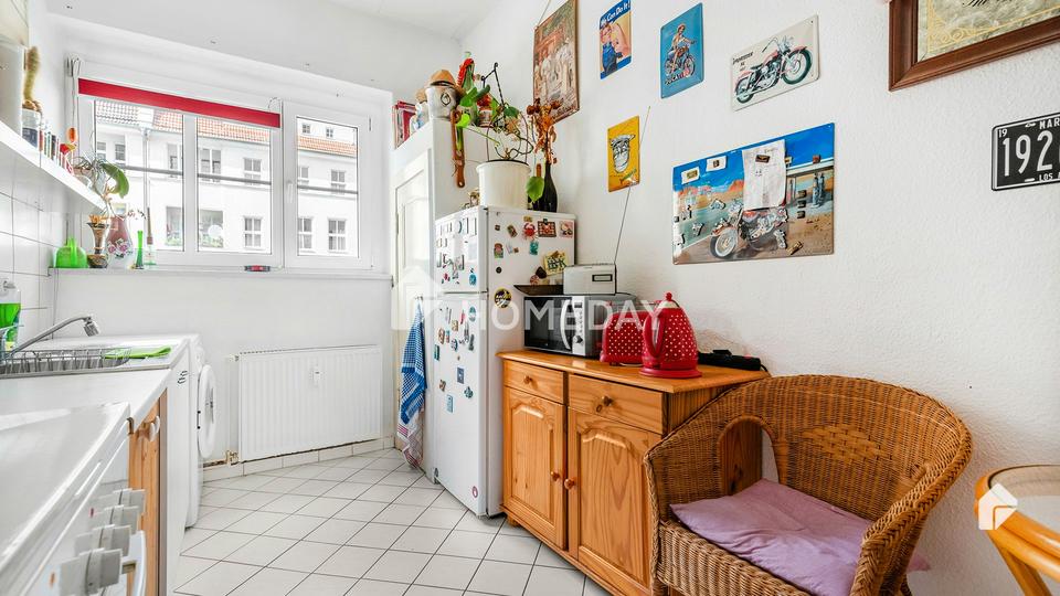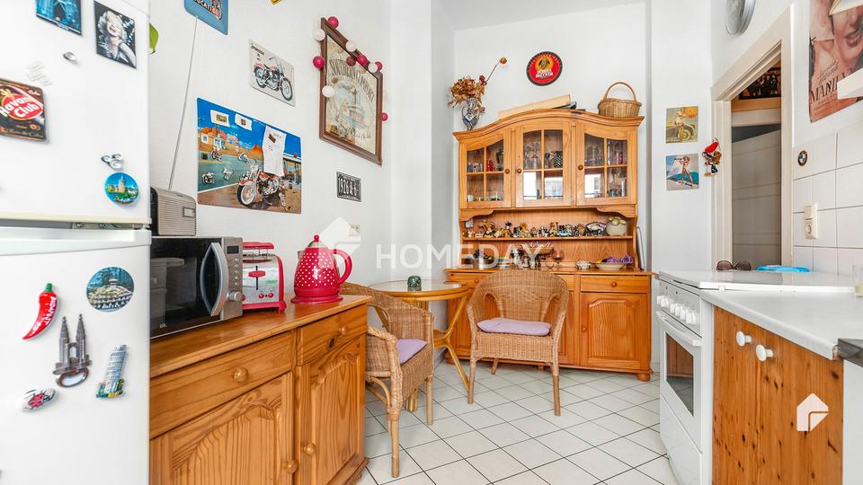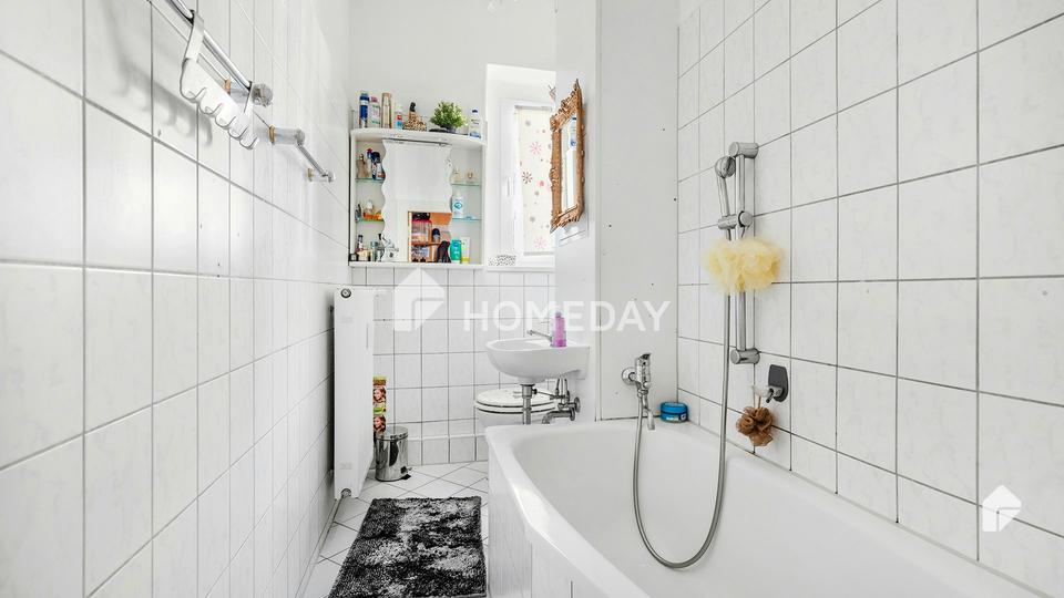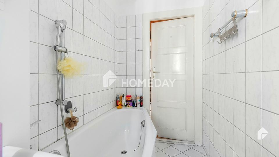 Die Küche, ausgestattet mit einem E-Herd und einer Küchenspüle, bietet genügend Platz für einen gemütlichen Frühstückstisch für zwei Personen. Zudem verfügt sie über einen praktischen Waschmaschinenanschluss und ein Fenster, das für viel Tageslicht sorgt. Das weiß geflieste Tageslichtbad befindet sich in einem gepflegten Zustand und besticht durch eine einladende Badewanne.
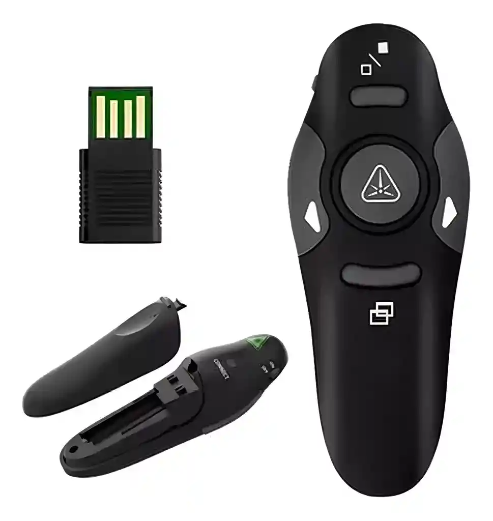 Puntero láser USB inalámbrico: dispositivo de clic remoto con tecnología avanzada para apoyar presentaciones de PowerPoint y Slideshow. Funcionalidad completa – Clicker para presentaciones de portátiles con herramientas esenciales para una ejecución fluida: Conectar, página siguiente/anterior, pantalla oscura, botones láser y de escape. Diseño ergonómico y elegante: forma delgada que promueve la comodidad y previene la fatiga; tamaño compacto con ranura de receptor USB para fácil transporte. Luz láser de alta visibilidad: emite un haz rojo brillante visible contra la mayoría de fondos y superficies proyectivas. Rango de operación de hasta 30 pies permite al usuario moverse libremente e interactuar con la audiencia. Características: - Potencia de emisión láser: 0.5 mw - Tasa de Voltaje/corriente: DC 3V / 35 mA. - Distancia Láser: 200 mtrs. - Distancia de Control: 30 mtrs. - Radio frecuencia: 2.4 GHz - Sistemas operativos compatibles: Windows 10, macOS 10.13, Linux - Fuente de alimentación: batería de 1 x AAA (No Incluida) - Tipo de interruptor: Palanca - Material: Plástico - Color: Negro - Modelo: 00300 - Marca: Philco
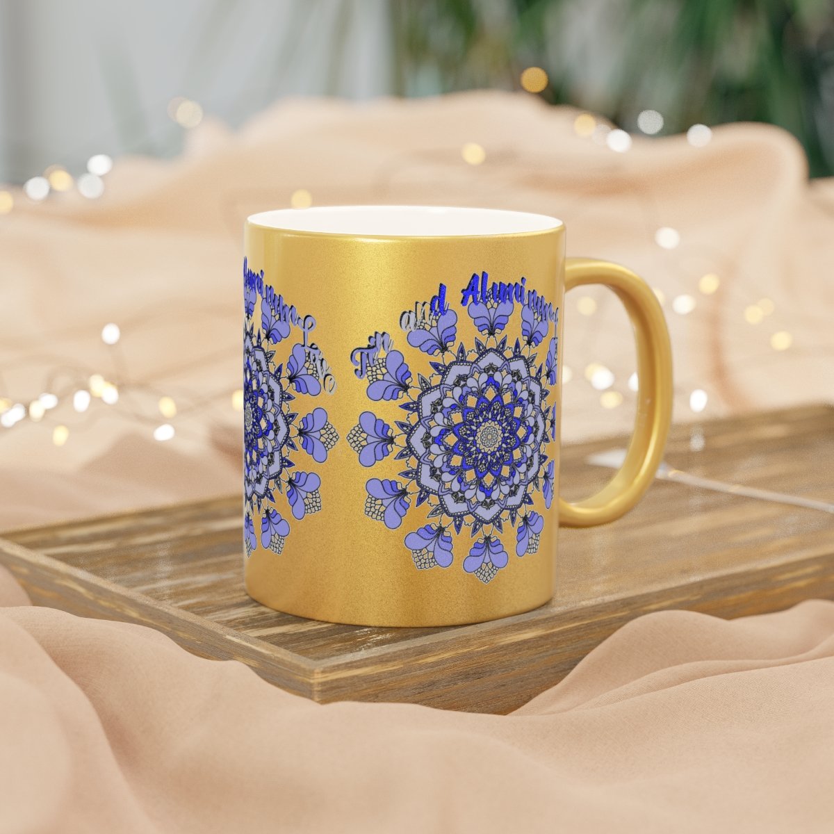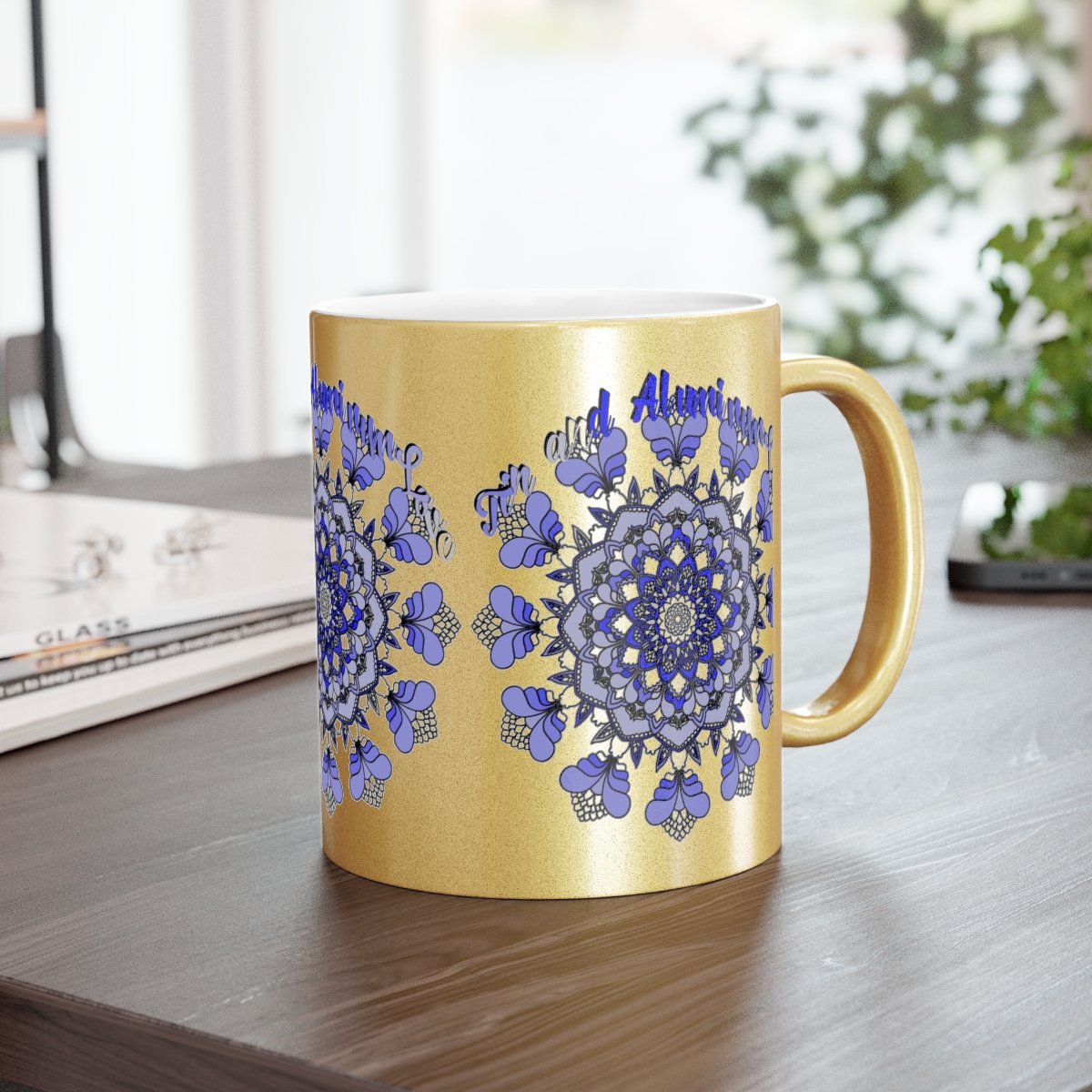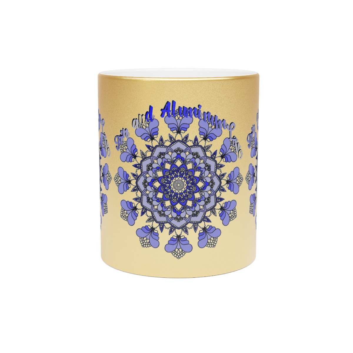 10th Anniversary Metallic Mug "Tin and Aluminum Love" - Hand Drawn Mandala Design in Gold & Silver | Perfect Tin/Aluminum Anniversary Gift

---*---

Write out each line of the data exactly; the images should be left out.

* [Answer to the problem]
 Die Küche, ausgestattet mit einem E-Herd und einer Küchenspüle, bietet genügend Platz für einen gemütlichen Frühstückstisch für zwei Personen. Zudem verfügt sie über einen praktischen Waschmaschinenanschluss und ein Fenster, das für viel Tageslicht sorgt. Das weiß geflieste Tageslichtbad befindet sich in einem gepflegten Zustand und besticht durch eine einladende Badewanne.
 Puntero láser USB inalámbrico: dispositivo de clic remoto con tecnología avanzada para apoyar presentaciones de PowerPoint y Slideshow. Funcionalidad completa – Clicker para presentaciones de portátiles con herramientas esenciales para una ejecución fluida: Conectar, página siguiente/anterior, pantalla oscura, botones láser y de escape. Diseño ergonómico y elegante: forma delgada que promueve la comodidad y previene la fatiga; tamaño compacto con ranura de receptor USB para fácil transporte. Luz láser de alta visibilidad: emite un haz rojo brillante visible contra la mayoría de fondos y superficies proyectivas. Rango de operación de hasta 30 pies permite al usuario moverse libremente e interactuar con la audiencia. Características: - Potencia de emisión láser: 0.5 mw - Tasa de Voltaje/corriente: DC 3V / 35 mA. - Distancia Láser: 200 mtrs. - Distancia de Control: 30 mtrs. - Radio frecuencia: 2.4 GHz - Sistemas operativos compatibles: Windows 10, macOS 10.13, Linux - Fuente de alimentación: batería de 1 x AAA (No Incluida) - Tipo de interruptor: Palanca - Material: Plástico - Color: Negro - Modelo: 00300 - Marca: Philco
 10th Anniversary Metallic Mug "Tin and Aluminum Love" - Hand Drawn Mandala Design in Gold & Silver | Perfect Tin/Aluminum Anniversary Gift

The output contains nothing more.